Graphical Overview Of The Probability-Magnitude Integration Task
The purpose of the Test/Transfer Phase was to assess participants’ ability to combine reward probability and magnitude into a representation of EV. Participants were presented with the four familiar Learning Phase pairs (“acquisition pairs”; 4 presentations per pair) and 24 novel pairs of stimuli (2 presentations per pair) and received the following instructions: “Please choose the picture that feels like it’s worth more points based on what you have learned during the previous block”. Stimulus location was randomized across trials. Crucially, for many of these trials, the optimal answer depended on the ability to combine the expected probability and magnitude of a stimulus (e.g. 80/2 vs. 90/1, or 10/3 vs. 20/2). No performance feedback was presented during the Test/Transfer Phase.

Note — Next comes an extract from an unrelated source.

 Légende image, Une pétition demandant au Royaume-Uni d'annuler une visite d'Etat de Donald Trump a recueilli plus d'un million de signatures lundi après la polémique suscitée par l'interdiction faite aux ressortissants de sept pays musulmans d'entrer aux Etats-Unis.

Hybrid Computational Model
Using I) posterior predictive simulations (using the fitted parameters to simulate performance), II) demonstrations of learning on the basis of reward magnitude and probability, and III) quantifications of model evidence, the “hybrid-probability” model was most likely to be the optimal model. Crucially, in the hybrid-probability model, Q-learning had access to the reward magnitude of outcomes, while the actor-critic only received binary outcomes (i.e. 0 or 1 points). Thus, in the hybrid-probability model, learning in the actor-critic was restricted to reward frequency. Due to space restrictions, we report all our computational model details (including rationale, simulations, model demonstrations, fitting procedure, and model evidence in the Supplementary Materials).
Statistical Analyses
Effects of diagnostic group (PSZ vs. HV), trial block (4 blocks of 10 trials), and choice pair (90-10/3, 80-20/2, 90-10/1, 80-20/1) on acquisition pair performance were investigated using a repeated measures analysis of variance. Between-group differences in model parameters were ascertained using univariate analysis of variance and independent sample t-tests.

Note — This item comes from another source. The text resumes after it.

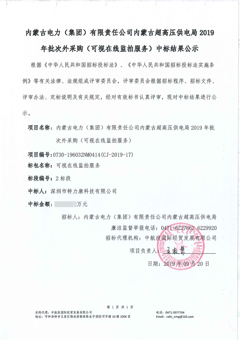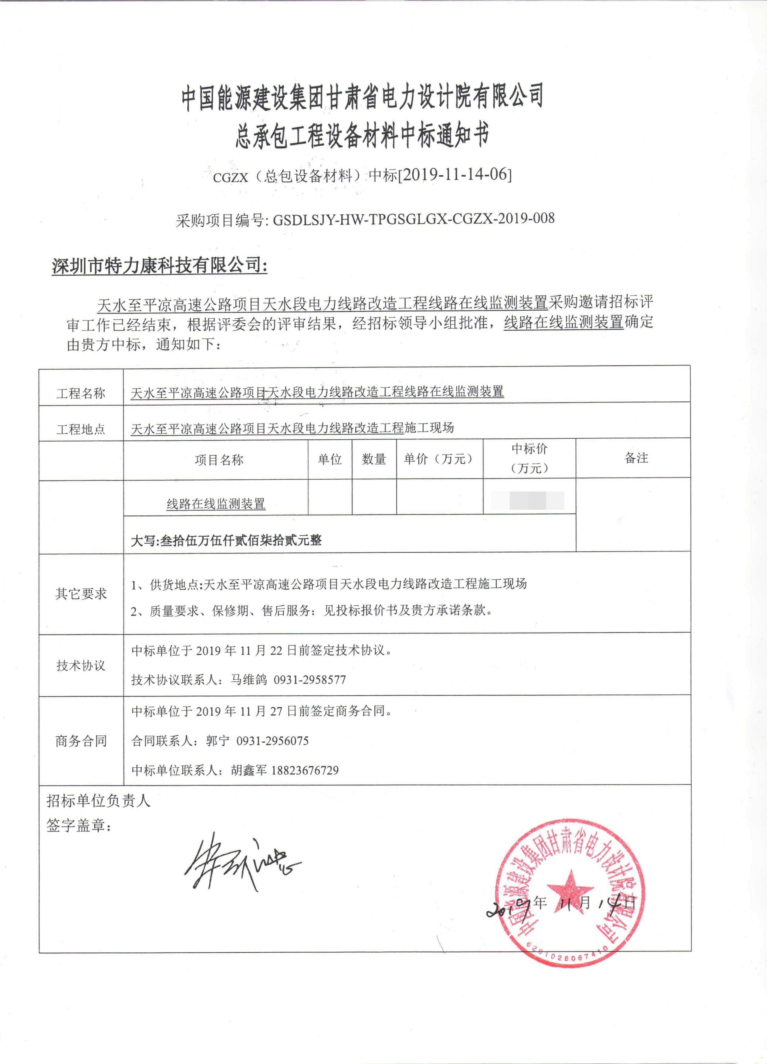 特力康中標(biāo)國網(wǎng)黑龍江送變電工程公司的2024年度第18次物資類競爭性談判采購項(xiàng)目——慶陽驅(qū)鳥器物資框 特力康中標(biāo)國網(wǎng)甘肅省電力公司省管產(chǎn)業(yè)單位2024年第五次物資競爭性談判授權(quán)采購項(xiàng)目 中標(biāo)喜訊:深圳市特力康科技有限公司成功入圍許繼集團(tuán)綜合能源公司輸電線路視頻在線監(jiān)測裝置模塊集采項(xiàng)目 中標(biāo)喜訊:特力康成功中標(biāo)國網(wǎng)重慶市電力公司渝中一片區(qū)項(xiàng)目 特力康成功中標(biāo)國網(wǎng)天津市電力公司2024年第二次?物?資招標(biāo)項(xiàng)目 特力康中標(biāo)國網(wǎng)安徽省電力有限公司蕪湖供電公司2024年3月非物質(zhì)采購項(xiàng)目 貴州電力裝特力康電網(wǎng)架空線路覆冰監(jiān)測系統(tǒng),精準(zhǔn)防冰保電網(wǎng)過冬? 百套落地山西電網(wǎng)!特力康輕量化輸電架空線路監(jiān)拍裝置,筑牢輸電安全網(wǎng) 破解采空區(qū)隱患:山西電力裝特力康通用型監(jiān)測裝置,守鐵塔穩(wěn)運(yùn)行 四川電力用特力康架空輸電線路山火監(jiān)測裝置,筑牢林區(qū)輸電 “防火墻”? 遼寧電力啟用特力康多視角監(jiān)拍裝置,全維度守護(hù)輸電安全? 破解黃土高原沉降難題:山西電力用特力康北斗裝置守桿塔安全? 山東電力啟用特力康動態(tài)版智能激光驅(qū)鳥器,動態(tài)防控守護(hù)變電站安全? 湖南超高壓電力啟用特力康球機(jī) AI 監(jiān)測裝置,智能守護(hù)輸電通道安全? 廣西電力啟用特力康高壓電纜護(hù)層環(huán)流監(jiān)控設(shè)備,筑牢電纜安全防線? 寧夏配電線路安裝了我司防外破電子化智能警示牌

In accordance with previous work (7), novel stimulus pairs in the Test/Transfer Phase were ranked using the difference in EV between two competing stimuli (EV = probability*magnitude; Table S1 for details regarding stimulus combinations). A value difference tracking slope was computed for every participant using a logistic regression with value difference (value left – value right) as predictor and button press (left=1, right=0) as a nuisance regressor (thereby correcting for the tendency to select one side of the screen over the other).
Exploratory analyses into trials that were matched for reward magnitude while differing in reward probability (“probability discrimination trials”; 90/1-80/1), and trials that were matched for reward probability, while differing in reward magnitude (“magnitude discrimination trials”; 90/3-90/1 and 80/2-80/1), were conducted, as well as a group by trial-type (probability/magnitude discrimination) interaction. The latter analysis investigated whether performance advantages conferred by learning from reward magnitude versus learning from reward probability differed between the two diagnostic groups.

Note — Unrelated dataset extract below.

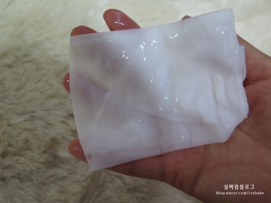 팩을 뜯어보니 흐르는 투명한 수분감이 느껴지는 것이 아니라 하얀색의 크림제형이 보입니다 하얀색의 크림이 듬뿍 적혀져 있는 마스크 팩이에요 에센스 제형으로 넉넉하게 팩이 적셔져 있답니다 뚝뚝 흐르거나 흘러내지지 않았어요

Correlation analyses were conducted using Spearman coefficients (due to non-normal distributions of many variables). Key findings, including group differences in Learning Phase accuracy, value difference tracking slope, mixing parameter (HV vs. MMD) and correlations between the mixing parameter and Test/Transfer Phase performance in the entire sample, all survived Bonferroni correction for the number of model parameters (p=.01). Skewness and kurtosis of all parameters was within the −2/+2 bounds, and HV vs. MMD parameters differences remained when repeating analyses using a Mann-Whitney U test.
RESULTS
Demographics
Participant groups did not differ on key demographic variables, including, age, gender, race, and paternal education, although PSZ scored lower on measures of IQ and all MATRICS subdomains (Table 1). LMD and MMD did not differ on IQ (WTAR: t(47)=.35, p=.73), MATRICS performance (overall: t(47)=.1.42, p=.17), antipsychotic dosage (t(47)=−1.04, p=31), the BPRS positive symptom factor (t(47)=−1.49, p=.14), or BPRS depression scores (t(47)=−.59, p=.56).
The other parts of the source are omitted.